This notebook provides some basic exploratory analysis of games on boardgamegeek (BGG) in support of my work [predicting ratings for upcoming games] and [predicting games for individual users].
For this write up, I examine games published through 2021 that have achieved at least 30 user ratings by the time of writing.[^ I have additionally excluded some games that were cancelled or never released, or have data quality issues with their profiles on BGG.]
What are the designers of games on BGG and how do they relate to community ratings?
Which designers have published the most games on BGG? Which designers are the highest rated? Most popular?
‘Uncredited’ is by far the most common listing for designer, so I have excluded it from the following visualization.

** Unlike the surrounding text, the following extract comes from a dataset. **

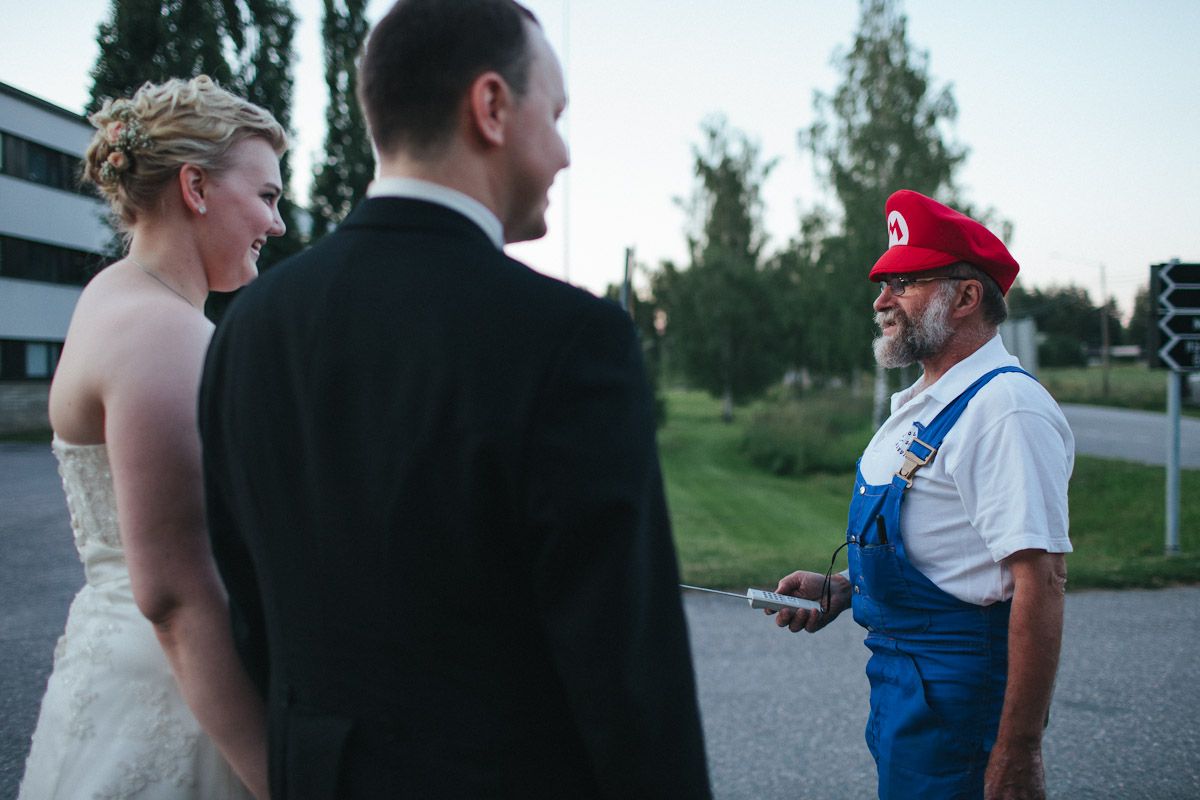 Hääpari kuuntelee tarkkaan ”Mariota”
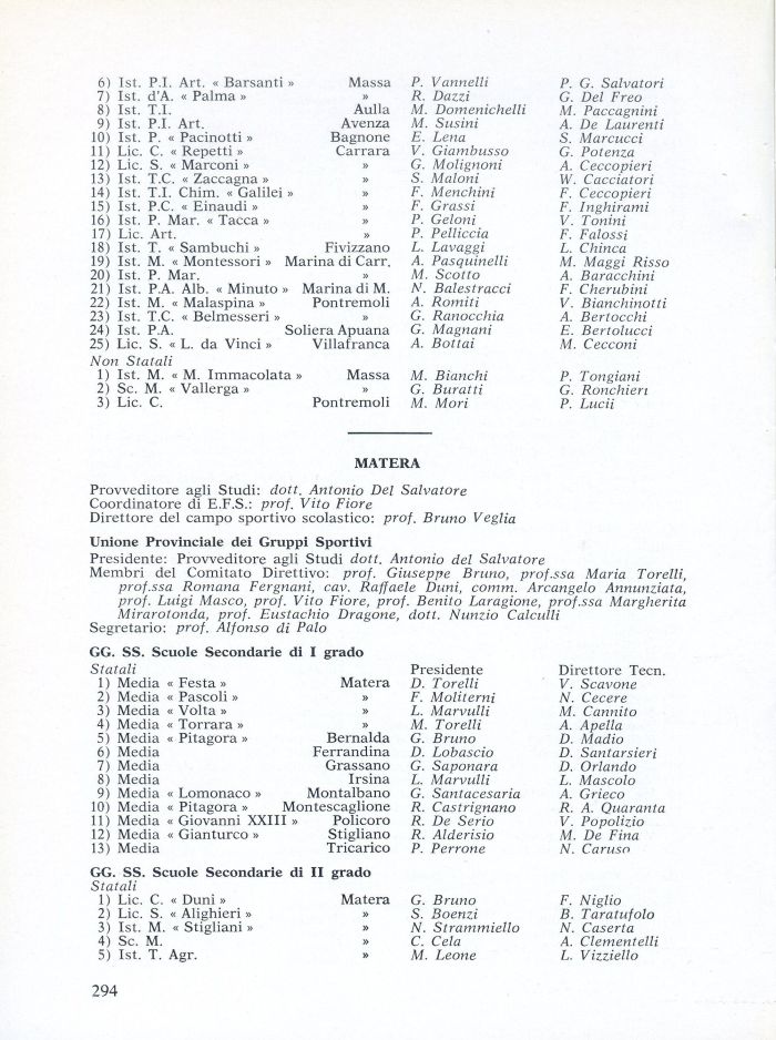 Presidente: Provveditore agli Studi dott. Antonio del Salvatore Membri del Comitato Direttivo: prof. Giuseppe Bruno, prof.ssa Maria Torelli, prof.ssa Romana Fergnani, cav. Raffaele Duni, comm. Arcangelo Annunziata, prof. Luigi Masco, prof. Vito Fiore, prof. Benito Laragione, prof.ssa Margherita Mirarotonda, prof. Eustachio Dragone, dott. Nunzio Calculli Segretario: prof. Alfonso di Palo

I’ll then plot the distribution of games with the 25 most frequent designers (for games that have achieved at least params$min_ratings ratings). What designers are typically associated with heavier games? What designer is the highest rated (on average)?

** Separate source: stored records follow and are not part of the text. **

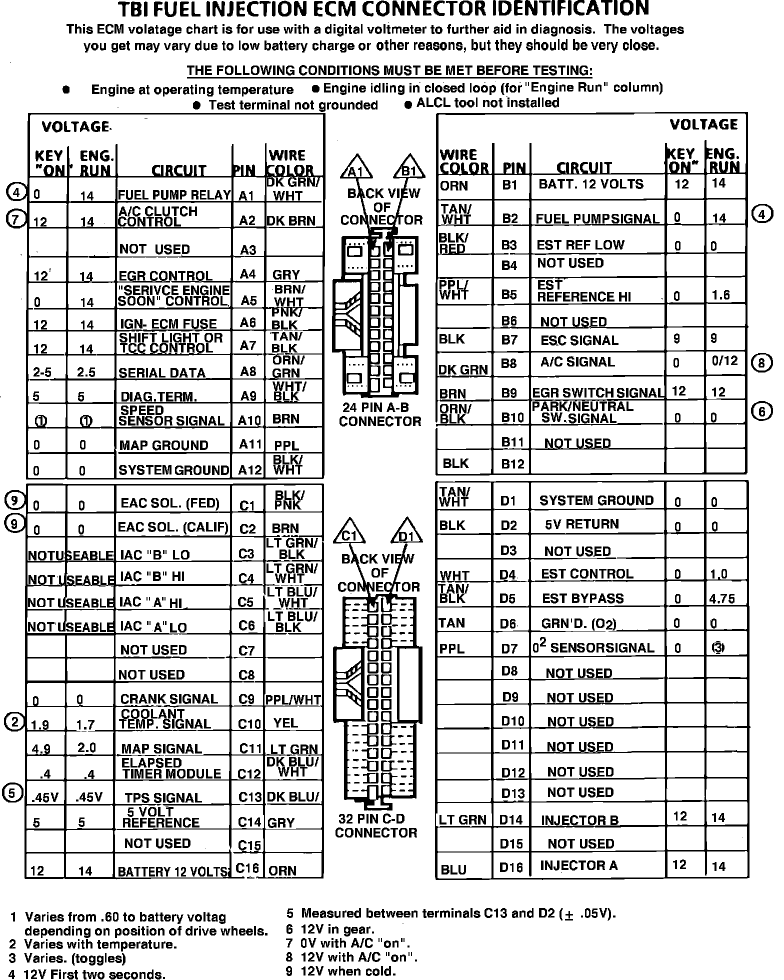 ECM Connector Terminal Identification & Voltage Specifications.:
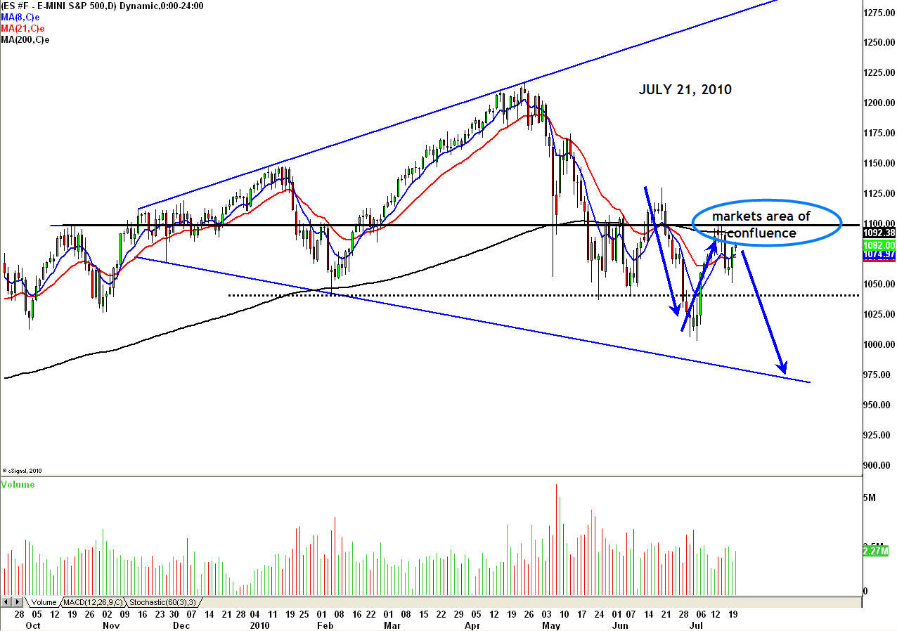 On a blog post dated June 29, 2010 titled What if it’s not a head and shoulder’s? I speculated that this whole market pattern would not play itself out as a classic head and shoulders pattern yet something completely different but with a very similar result nevertheless (see bottom chart). As the market continues to knock the crap out of both perma-bulls and perma-bears looking for continuous market direction we can see that this pattern is doing its job and doing it well.
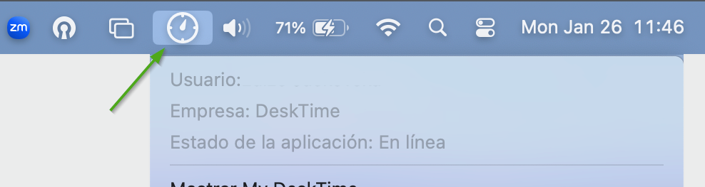 Para MacOS: El icono de DeskTime aparecerá vacío. Encuentra más información aquí.
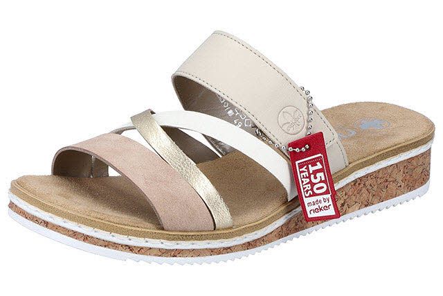 Rieker Damen Pantoletten beige-metallic-rosé

The following (interactive) table displays the mean of each BGG outcome by designer. Use the filters below the column names to filter through the table by designer or set a minimum number of games.
Which designers have the largest effect on a game’s average? User ratings?
We could simply look at the games published by each designer and then take their average rating/average number of user ratings. However, this doesn’t account for the fact that some designers design more complex games than others, or that recently published games tend to have higher averages.
To get an estimate of each designer’s partial effect on an outcome, I run penalized regressions lasso) of the BGG average/usersrated on dummies for individual game designers along with the game’s weight and effects for year published.
I handle time effects in two different ways, first creating an indicator for games published before 1900, then fitting cubic splines to the truncated publishing range of years 1900 to present.
\[ Average = \beta_0 + Weight * \beta_1 + Designer_1 * \beta_2 + Designer_2 * \beta_3 * Designer_k ... Designer_n * \beta_n + YearPublished\]